I’m further behind than Morn in a foot race. Let’s get at it.
S2E11, “Rivals” (story: Jim Trombetta and Michael Piller)
Here is the summary from Memory Alpha: “Quark feels threatened when a con artist arrives on the station and opens up a competing bar. Meanwhile, Chief O’Brien is determined to beat Doctor Bashir at racquetball.” Now, that is a premise for a sci-fi show. Maybe not surprisingly, it’s kind of a silly distraction of an episode. But it is indeed fun, and the two threads come together in an interesting way.
The rivalry between Quark and Martus Mazur might have worked better as a smaller, more nagging thing over several episodes, where Quark and Mazur spar over customers with ever-more-elaborate less-dignified scheming (as referenced in this episode, Rule of Acquisition #109, “Dignity and an empty sack is worth the sack”) but they paid for the guest star so they were going to wring everything they could out of him in one go. The foundation for Mazur’s place (the delightfully/ridiculously named “Club Martus”) is a weird little game of chance toy he takes off a dying cellmate in the brig, where he was staying after his previous scam. Intrigued by it, he has several large versions built for his bar, which are such a hit they drain clientele from Quark’s.
Meanwhile, the O’Brien/Bashir thread is another entry for the “O’Brien kinda hates Bashir” file. They discover their mutual love of racquetball (only, SPACE RACQUETBALL because the court is all weird angles). O’Brien is an old pro and thinks he can beat some young upstart, but it turns out Julian was Team Captain at the academy. More notably, Julian is a lot younger and in better shape, and trounces the oafish and increasingly sweaty O’Brien. This was easily the most relatable part of the episode to me, naturally, as an increasingly oafish and sweaty man myself. But: we are all O’Brien, remembering our youthful accomplishments with high precision, only to flail about miserably when tested years later. And yet: who among us is the absolute best or worst at anything? So: we are all also Bashir, way better at some stuff than others—maybe some game, maybe something at work—to the point that you have to make excuses to avoid the conflicts which you’ll inevitably win, just to avoid the social awkwardness of making someone else look bad.
Meanwhile, increasingly weird, inexplicable stuff is happening all over the station. It climaxes during the final racquetball grudge match (which Quark has managed to bill into some kind of major sporting event that people are actually watching and gambling on, and it must be boring as hell on DS9 sometimes) when suddenly O’Brien can’t miss a shot. Like, literally can’t miss a shot, even if he tries to avoid it, which is as oddly improbably as all the other phenomena. With something to trace, they are able to determine that the weirdness points back to Club Martus, and the gambling devices.

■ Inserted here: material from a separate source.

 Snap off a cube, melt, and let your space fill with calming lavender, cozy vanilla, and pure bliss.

I liked this as a general sci-fi idea, like you could have some sort of quantum generator that flipped the probabilities of everyday life. If you didn’t immediately die of the most quickly metastasizing cancer in medical history it could be a rich source of stories.
I enjoyed this episode more for its metaphorical lessons than in actual execution. The effect of the devices was fuzzily explained, with random, weird macro-level consequences—we are to believe that quantum mechanical mucking about can make the proximate middle-aged into racquetball supermen? The device itself was unsatisfyingly convenient, too. The dying prisoner’s entire life was ruined by it over years and years, from a life of success and luxury to croaking in a ratty cell on DS9. Then Martus picks it up and wins right away. It’s the stupidest game, too. You hold down a button and either win or lose, with no onstensible reason for the outcome. Though the one time I played Super Smash Brothers that seemed like how it worked, and people love it.

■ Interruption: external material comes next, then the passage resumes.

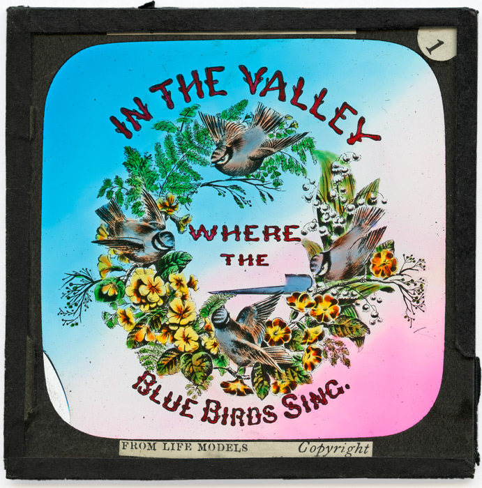 Pensées d'un jeune homme pour sa tendre aimée en treize vues, cette série est fidèle à la chanson populaire composée par Alfred Soleman et Monroe Rosenfeld en 1902. Se reposant dans une vallée verdoyante, un jeune homme laisse courir ses pensées vers sa bien aimée (plaques 2 et 3). Il revoit la jeune fille dans différentes situations : attendant à sa fenêtre (plaque 4), les moments passés ensemble (plaque 5) ou encore elle seule chantant au milieu de la vallée accompagnant les merles bleus (plaque 6). L'amour est bel et bien au centre de cette histoire et la plaque numéro 7 le célèbre avec son cache en forme de coeur. Jusqu'à la dernière plaque, le jeune homme ne cesse de penser à sa bien aimée (plaques 8, 9, 10, 11, 12 et 13).

Last note: Keiko tries to be supportive of O’Brien when he comes back from the first match sweaty and depressed. [Keiko for president.] She basically just tells him, like, what did you expect, you’re 36. Which seemed a very optimistic age to peg for O’Brien’s character. I looked up Colm Meaney’s age and he would have been 40 when this aired, so it was indeed optimistic, but not as far off as I’d originally guessed. (Unlike me, Colm probably wasn’t still getting carded at 40.) Still, probably felt pretty natural to him to play a guy grappling with his initial physical decline. For his part, Julian still fits into his shiny academy racquetball outfit, which is accurate, as Siddig El Fadil was just 29.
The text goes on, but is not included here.